Trace System
1. Overview
The Trace System provides tree-based inference tracing for AKG Agents. It records the entire reasoning and execution process of agents, supporting:
- Tree structure: Single tree with multi-fork exploration
- Node switching: Navigate to any node in the trace tree
- Incremental history: Action records accumulated per node
- Checkpoint resume: Persist state and resume from any point
- Visualization: Text and Rich terminal visualization
- Fork & merge: Fork at ask_user nodes, merge branches, parallel exploration
- Blame: Track which node introduced each line of generated code
2. Core Concepts
Trace Tree
The entire trace is a single tree — no separate "branch" concept. A node can have multiple children (forks). When a new action is performed on a node that already has children, a new child node is automatically created.
Data Models
| Model | Description |
|---|---|
TraceTree |
Root data structure containing all nodes and metadata |
TraceNode |
A single node in the tree (agent info, task info, state, children) |
NodeState |
Per-node state snapshot |
ActionRecord |
A single action record (tool call + result) |
ActionHistoryFact |
Factual action history accumulated per node |
ActionHistoryCompressed |
Compressed action history for LLM context |
AgentInfo |
Agent metadata (name, id) |
TaskInfo |
Task metadata (task_id, input, domain, custom metadata) |
ExecutionInfo |
Execution counters (tool calls, turns) |
FileInfo |
File metadata for code snapshots |
Metrics |
Performance and quality metrics for a node |
ThinkingState |
Plan and decision state (thinking.json) |
PlanState |
Structured plan state within ThinkingState |
DecisionRecord |
A single thinking/decision record |
PendingTool |
A pending tool call awaiting completion |
PendingToolsState |
Collection of pending tools (pending_tools.json) |
3. TraceSystem
TraceSystem is the main entry point for trace management.
Constructor
trace = TraceSystem(task_id="my_task", base_dir="~/.akg")
Initialization
# Initialize (creates trace.json and root node)
trace.initialize(task_input="Generate a relu kernel")
# Force re-initialization (overwrites existing trace)
trace.initialize(task_input="Generate a relu kernel", force=True)
# Resume existing trace (auto-loads if trace.json exists)

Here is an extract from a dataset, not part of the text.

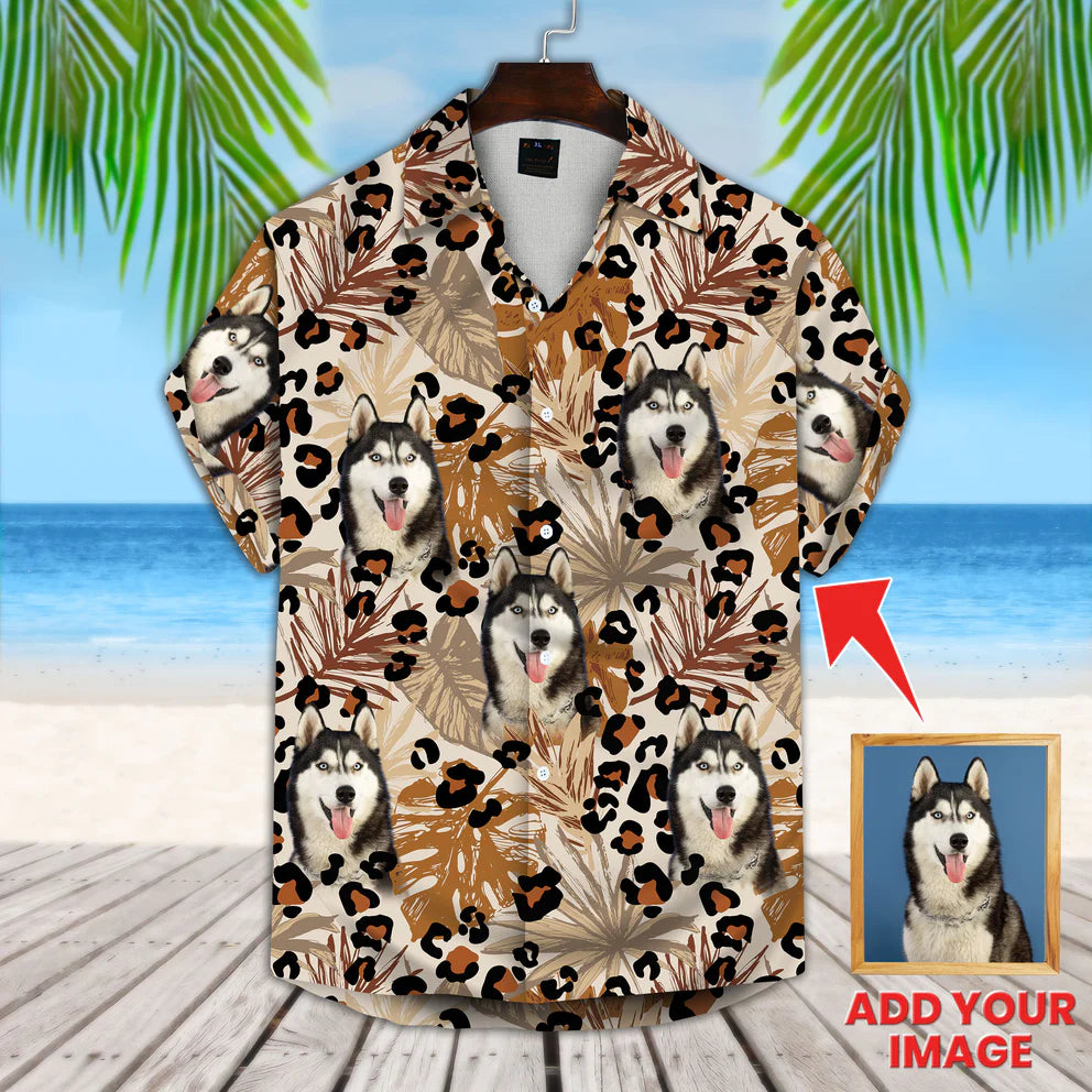 Turquoise And Blue Tropical Leaves Pattern Short-Sleeve Hawaiian Shirt, Custom Photo Dog Floral Aloha Shirt

trace.initialize(force=False)
Node Operations
# Add a new node (returns node_id)
node_id = trace.add_node(
action={"type": "verify_kernel", "arguments": {"op_name": "relu"}},
result={"status": "success", "output": "..."},
metrics={"performance": 1.5}, # optional
state_snapshot={"iteration": 3}, # optional
)
# Get current node ID
current = trace.get_current_node()
# Get a node object
node = trace.get_node(node_id)
# Switch to a different node
trace.switch_node(node_id)
# Get path from root to a node
path = trace.get_path_to_node(node_id)
# Get node depth in the tree
depth = trace.get_node_depth(node_id)
Action History
# Get full action history for a node (includes all ancestors)
history = trace.get_full_action_history(node_id)
# Get compressed history for LLM context (async, requires LLM client)
compressed = await trace.get_compressed_history_for_llm(
llm_client, node_id, max_tokens=2000
)
Fork & Merge
# Fork at an ask_user node (creates new child with same question, empty answer)
new_node_id = trace.fork_ask_user(node_id)
# Create parallel exploration forks
fork_ids = trace.create_parallel_forks(n=3, action_template={"type": "explore"})
# Complete a fork with results
trace.complete_fork(fork_id, result={"status": "success"}, metrics={...})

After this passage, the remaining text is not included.